Однажды утром, тренируясь с Леонидасом, я оттачивал захваты; этот прием требовал от нас особой бдительности, поскольку мы не просто воспроизводили рисунок движений, а применяли силу. Мы проделывали выкручивания рук и ног.
Пока мы отрабатывали развороты, атаки и приземления, я отметил нарастающий гул со стороны портиков, за ним последовало непривычное оживление. Туда сбежались атлеты и тренеры.
Тасос с сожалением отвел глаза от нашей потасовки и ахнул:
– Перикл! – Он радостно подскочил. – Перикл удостоил нас посещением! – присвистнул он. – Он пришел нас поддержать перед отбытием в Олимпию.
Я обернулся и увидел фигуру Перикла, вокруг которого роились спортсмены и наставники.
– Их собирают, когда тренировка заканчивается, – пояснил Леонидас.
Нам оставалось проделать три самых опасных приема. Первые два мы мастерски выполнили. Да мы просто раздавим всех на Играх!
Пока мы выверяли стартовую позицию для последнего приема, мой глаз скользнул в сторону Перикла. Под руку его держала дама, облаченная в струящееся платье. Аспасия! Наперекор правилам супруга Перикла проникла в гимнасий. Это была женщина, привыкшая нарушать запреты, – Нура. И она стояла в паре сотен шагов от меня!
В этот самый миг Леонидас применил замок, который и был предусмотрен: стиснул мою ногу и стал ее выкручивать.
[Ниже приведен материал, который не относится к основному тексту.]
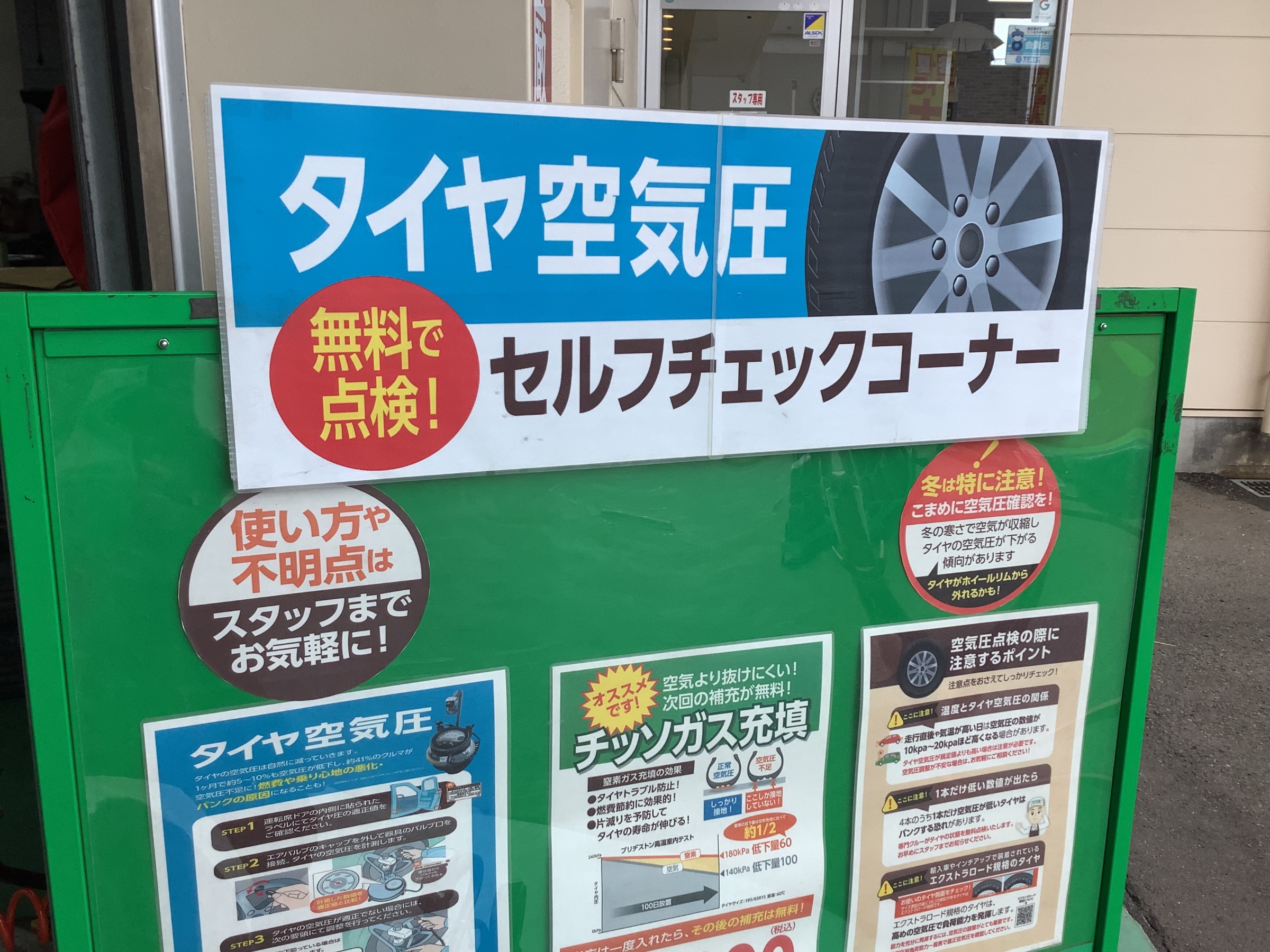 当店では点検はもちろん無料、ご自分で点検調整したい!という方も自由にエアタンクなどご利用いただけるコーナーを設置しております

Но мои мысли унеслись далеко, я не успел отреагировать и услышал глухой хруст.
– Нет! – взвыл Леонидас.
За хрустом сустава последовала острая боль. Я взглянул на левую ногу: коленный сустав был вывихнут. Берцовая кость не стыковалась с бедренной и держалась едва ли не на коже.
От боли – а может, в отчаянии – я лишился чувств.
Интермеццо
– Вы действительно ливанец?
Помощник адвоката расспрашивал Ноама в помещении без окон, размером с два чулана для метел и с голыми стенами болотно-зеленого цвета. Трубы под потолком непрестанно издавали ленивое хлюпанье и бульканье. Откуда идут эти трубы? Почему так шумят прямо у них над головой? Глухие звуки еще больше сгущали и без того гнетущую атмосферу.
При задержании полицейские перечислили Ноаму его права согласно правилу Миранды: Ноам может хранить молчание, может требовать адвоката, все его признания могут быть использованы против него в суде. Ноам ничего не смыслил в американской юридической системе, но помнил, что американцы всегда подозрительно относятся к выходцам с Ближнего Востока, а потому запросил защитника. Алькасар, назначенный ему советом, был крепок только своим именем, которое никак не вязалось с его тщедушной и болезненной фигурой[24].
– Ливанец. И паспорт в порядке.
Адвокат кивнул и погрузился в изучение трех страниц дела.
– Мы не обнаружили никаких сведений о вас.
– Но ведь это, скорее, хороший знак?
Озабоченный адвокат призвал его к порядку:
– Я бы не советовал вам столь легкомысленно относиться к своему положению.
Наконец подняв голову от бумаг, он подвел итог:
– В рапорте сказано, что вас задержали при выходе путем взлома из помещения, где вы ничего не украли. Разумеется, патрульные утверждают, что вмешались очень быстро, поэтому вы попросту не успели. Однако мы с вами уточним, что вы не имели намерения похищать что бы то ни было. Вы просто искали ночлег. Так ведь?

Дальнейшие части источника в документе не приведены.